The figure below shows when global temperatures might be expected to exceed the 1.5C target across all the different CMIP6 models. The bars represent the full range of “exceedance” dates for a particular SSP scenario, while the black dots represent all the individual model estimates.

Exceedance year for 1.5C across all currently available CMIP6 model runs for SSP1-2.6, SSP2-4.5, SSP3-7.0, and SSP5-8.5 scenarios. Each dot represents an individual model, while horizontal bars show the range across all models. Observational warming since pre-industrial through to 2020 is assumed to be 1.17C, based on the Global Warming Index. Chart by Carbon Brief using Highcharts.

Global surface temperatures are expected to exceed 1.5C between 2026 and 2057 in the SSP1-2.6 scenario, with a median estimate of 2033. For SSP2-4.5, it is between 2026 and 2042 in the scenario, with a median of 2032.

For SSP3-7.0, it is between 2026 and 2038 with a median of 2032, while the SSP5-8.5 scenario has temperatures passing 1.5C between 2026 and 2039 with a median of 2030.

It is worth noting that the latest IEA World Energy Outlook projections suggest that the world is likely to follow a trajectory close to SSP2-4.5 over the next two decades, with emissions remaining relatively flat.

The other scenario for which a notable numbers of model runs are available – SSP1-1.9 – shows median estimates of 2031 (between 2029 and 2052), though this range excludes the 3 of 12 available model runs that never exceed the target temperature.

These results are quite similar to those in the last generation of models – CMIP5, which underpinned the IPCC’s fifth assessment report published in 2013-14 – using the same approach. In the RCP8.5 scenario, CMIP5 models pass 1.5C between 2027 and 2036, with a median estimate of 2031.

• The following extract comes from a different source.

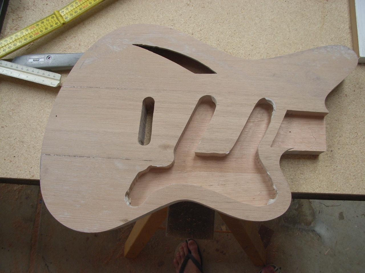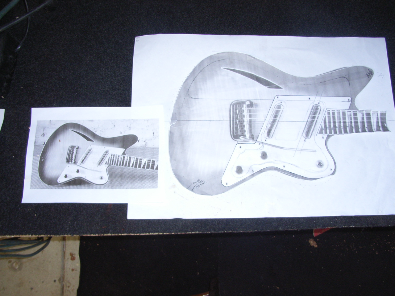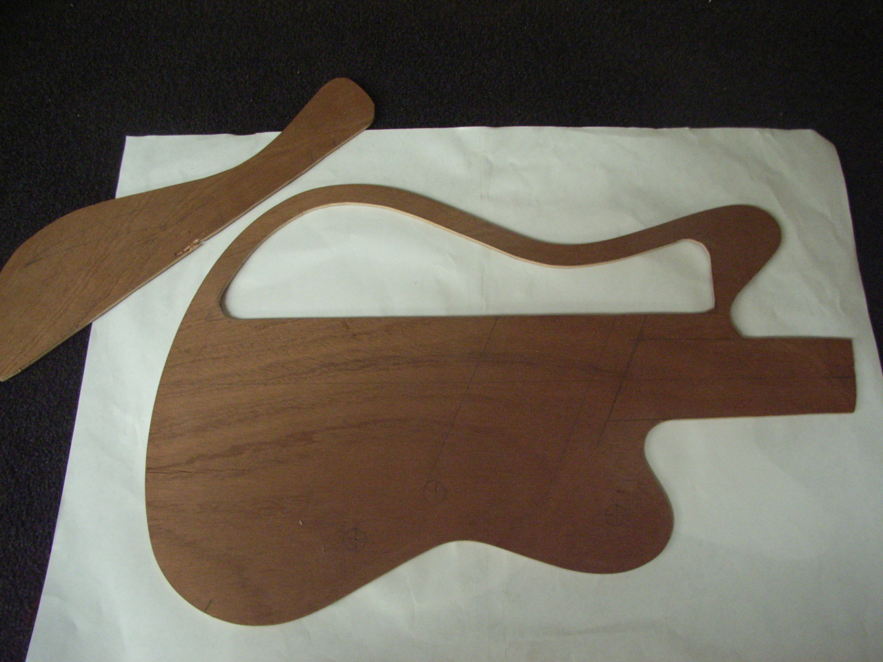 Well the planning started a while back after seeing a Charvel Surfcaster posted on possible kit ideas, so I figured I'd have a crack at a scratchy. First I sourced a photo so I could come up with a shape. Then I enlarged it to what I figured was the correct size, which took a while, and created a template out of some ply I had lying around.

A different approach to estimating the exceedance year is to simply take the rate of historical warming over the past 30 years and extend it into the future. In that case, we would expect global temperatures to exceed 1.5C around 2037, which is within the range expected in a SSP2-4.5 scenario of relatively flat emissions, but a bit higher than its median year of 2032.

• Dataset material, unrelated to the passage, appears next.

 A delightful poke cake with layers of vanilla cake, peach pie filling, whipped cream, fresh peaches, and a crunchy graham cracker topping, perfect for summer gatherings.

When will global warming reach 2C?

The figure below shows a similar analysis for the 2C target. Here the exceedance year varies a lot more across SSP scenarios, as the larger distance between the target and current observed warming allows more time for differences between scenarios to impact the results.

Exceedance year for 2C across all currently available CMIP6 model runs for SSP2-4.5, SSP3-7.0 and SSP5-8.5 scenarios. Chart by Carbon Brief using Highcharts.

Temperatures are expected to pass 2C in the modest-mitigation SSP2-4.5 scenario – where emissions remain around current levels – between 2038 and 2072, with a median year of 2052. 

In the higher emissions SSP3-7.0 scenario, 2C is passed between 2035 and 2058 with a median year of 2048. And, in the worst-case SSP5-8.5 scenario, it is passed between 2034 and 2052 with a median of 2043.

These results are also reasonably in-line with those of the last generation of models – CMIP5 – whose exceedance dates were between 2038 and 2053 with a median of 2045 in the RCP8.5 scenario.

If the historical warming trend over the past 30 years is extended into the future, global temperatures would be expected to exceed 2C around 2062 – which is similarly within the range of the SSP2-4.5 scenario, but a bit higher than the median year.

Some of these differences between historical and modeled warming may reflect the fact that models are reporting global surface air temperatures, while our observational record is mixing (slightly slower warming) sea surface temperatures over land with surface air temperatures over the ocean.

What is the remaining carbon budget?

The year in which models exceed the 1.5C and 2C temperature targets can also be used to calculate the remaining global carbon budget, based on the CO2 emissions in each of the different SSP scenarios. 

For the 1.5C target, this gives an estimated remaining carbon budget – from 2020 – of 749bn tonnes of CO2 (GtCO2), with a range of 489GtCO2 to 1,189GtCO2 across all the models.

This is a bit higher than the remaining carbon budget for a 50% chance of limiting warming to 1.5C in the recent IPCC Special Report on 1.5C (SR15) of around 500GtCO2 (based on blended land/ocean temperatures).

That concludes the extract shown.